::: Data section

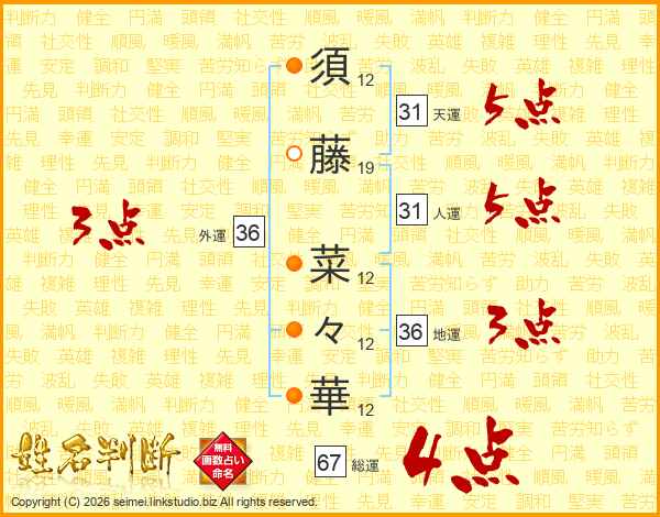 須藤菜々華さんの総運は67画の4点!
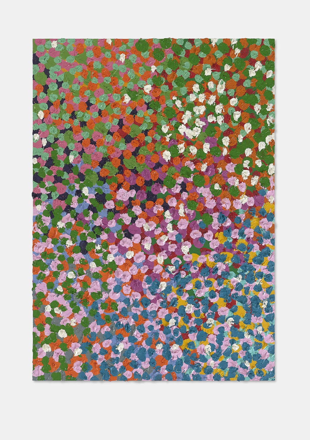 The Paper Veils are a series of 300 striking paintings on card completed in 2019, and available in two sizes. These paintings are a riotous ensemble of energetically coloured and thickly painted dots. Across each composition, Hirst revels in the joy of colour and the physicality of paint.
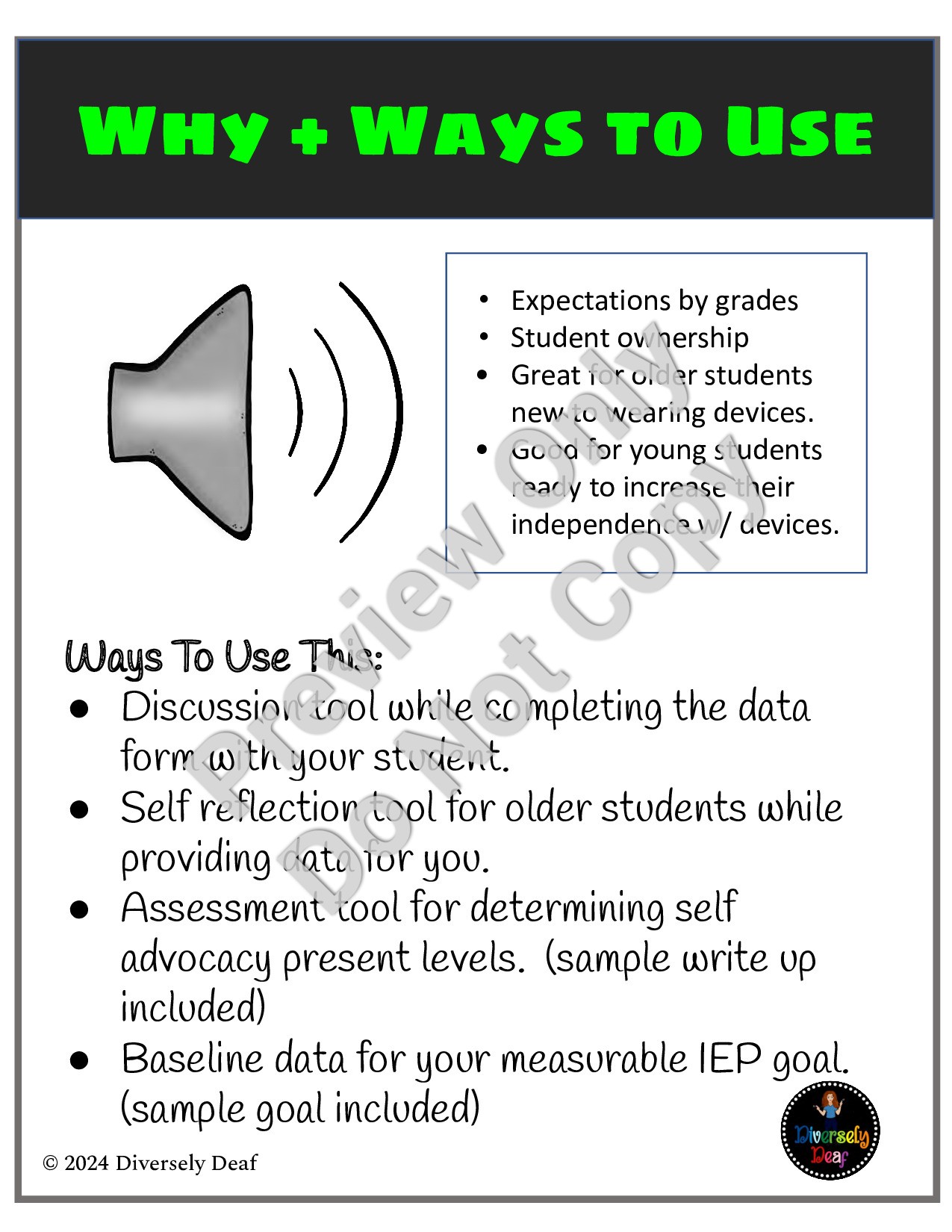 - Assessment tool for determining self-advocacy present levels. (sample write-up included)

::::::

Try it: Go through the listing above and retype each line exactly, apart from the pictures.

Response:
 須藤菜々華さんの総運は67画の4点!
 The Paper Veils are a series of 300 striking paintings on card completed in 2019, and available in two sizes. These paintings are a riotous ensemble of energetically coloured and thickly painted dots. Across each composition, Hirst revels in the joy of colour and the physicality of paint.
 - Assessment tool for determining self-advocacy present levels. (sample write-up included)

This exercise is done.